Отец злобствовал, а Ксения раздваивалась. Она приходила на демонстрации и, робко озираясь, с завистью поглядывала на стоптанные башмаки и новые юнгштурмовки комсомольцев. Но тут же вспыхивала от сожалеющих глаз — не своя. Красивая была девочка, толстые черные косы. Худенькая чернушка. Потом служила в здравотделе, машинисткой. И надо же такое, Иван Евстигнеев глаз с нее, как говорится, не сводил, в кино приглашал, а она, враг, двумя годами старше, только улыбалась презрительно. Он был настырный парень, но задавил гордость, отступил. По-братски исповедался Толику. В темноте качались красные и зеленые огоньки бакенов, подавали голос пароходы и буксиры. Они сидели на берегу Веди, покуривали, как взрослые. Косырев навсегда уехал из Речинска, и из Ксениного только дневника узнал, что потом они подружились...

Время приобрело необычайную емкость, А гора, которую предстояло перевалить, оказалась рядом, за калиткой в елочке косых планок. Екнуло сердце. Он медленно повернул кольцо, и двор распахнулся из прошлого в настоящее,

Белый дом, такой же, как тогда. Белым его называли потому, что среди других, кирпичных, он был единственный оштукатуренный и побеленный. Белый дом, два этажа.

Горел костерок. Старик в испачканном краской и смолой ватнике шпаклевал перевернутый ботик. Над красным обветренным лбом его в такт движениям колебался белый хохолок. Глянув на незнакомца, он пригнулся и нашарил под ботиком, будто рака под корягой, кусок пакли. В сарае стучал топор. Косырев подошел ближе.

— Здравствуйте, — он приподнял шапку.

— Приветствую, — старик раздергивал паклю. — Чем могу?

Косырев убавлял годы, кто бы это мог быть, но так и не признал. В светлых глазках старика стояла вечная слезинка.

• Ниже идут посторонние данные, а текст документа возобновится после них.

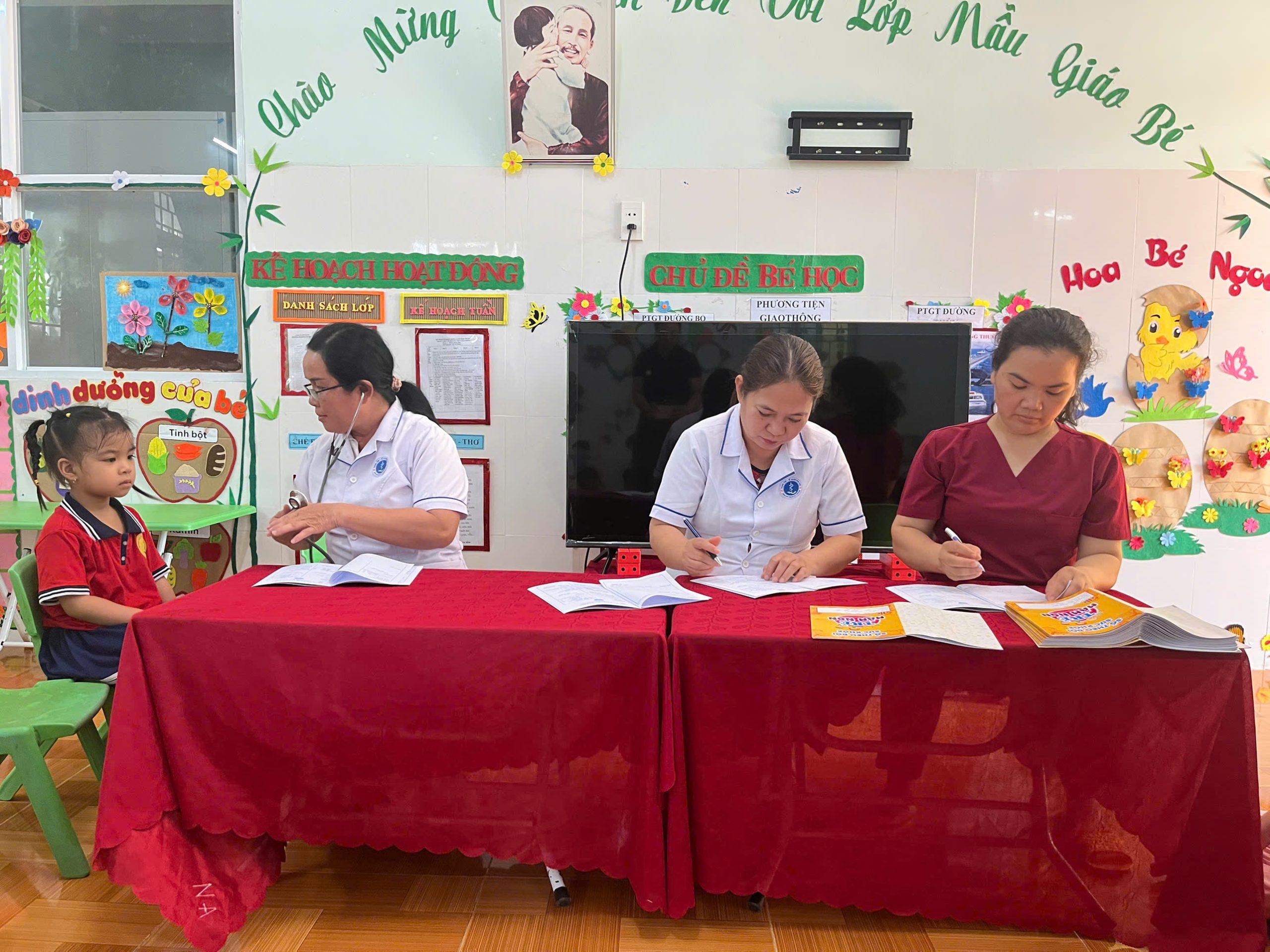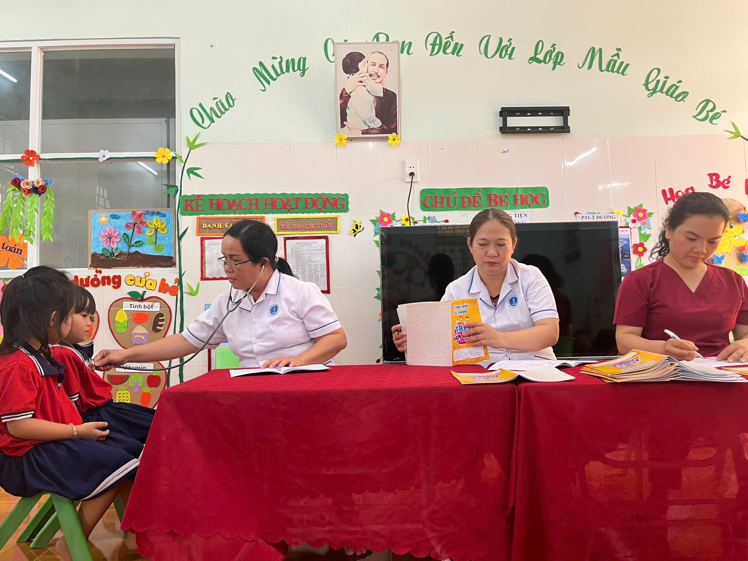Thực hiện Kế hoạch nhiệm vụ năm học 2025- 2026, kế hoạch tháng 3/2026. Ngày 24/3/2026 trường Mầm non Bình Tân Phú đã phối hợp với trạm y tế xã Đông Sơn, tổ chức khám sức khoẻ định kỳ lần 2 cho 10/10 nhóm lớp. Nội dung khám, kiểm tra: khám tai, mắt, mũi, họng, răng, kiểm tra tim phổi và một số bệnh liên quan đến đường hô hấp, da liễu.

— Давно здесь живете? — спросил Косырев.

— А вас, стало быть, пачему интересует?

Старик подчеркнуто акал, значит, не коренной, а скорее всего с Нижней Волги. Голос был звонким, чистым.

— Есть причина.

— Не без причины, значит, — выцветшие глаза насмешливо обмеряли пришедшего. — Недавно. Как вышел на пенсию.

Косырев огляделся. Синевато дымил костерок, качалась жестянка со смолой. Между суковатыми жердями проветривались терпко пахнущие шеренги осеннего вяления рыбы. За проволочными переплетами голубятни ласково ворковали почтари, возможно, потомки тех, что приходилось гонять фельдшерскому сыну. И столько было во взгляде Косырева ищущего и родственного, что старик вытер руки. Присел на бревно и пригласил сесть вошедшего.

— Ужель Непомнящих сынок? — с некоторым сомнением, и подталкивая затруднявшегося, спросил он.

— Жив, значит, Сергей? — обрадовался Косырев.

— Эка! Чего ж не жив. Жив. Да вы сколь годов-то не бывали? Уйму с половиной?

Легонько посмеялись; Косырев размял сигарету и потянулся к костру — жар углей опалил лицо. Прищурив глаза, он нацелился спрашивать. Его прибытие вызвало движение в окнах. Спустя минуту хлопнула дверь и вышла полная женщина в беличьей накинутой на плечи шубе. Из сарая, где только что стучал топор, пришла другая и, тяжело дыша, встала сбоку, Косырев оказался в окружении. Помолчали, предоставив ему свыкнуться.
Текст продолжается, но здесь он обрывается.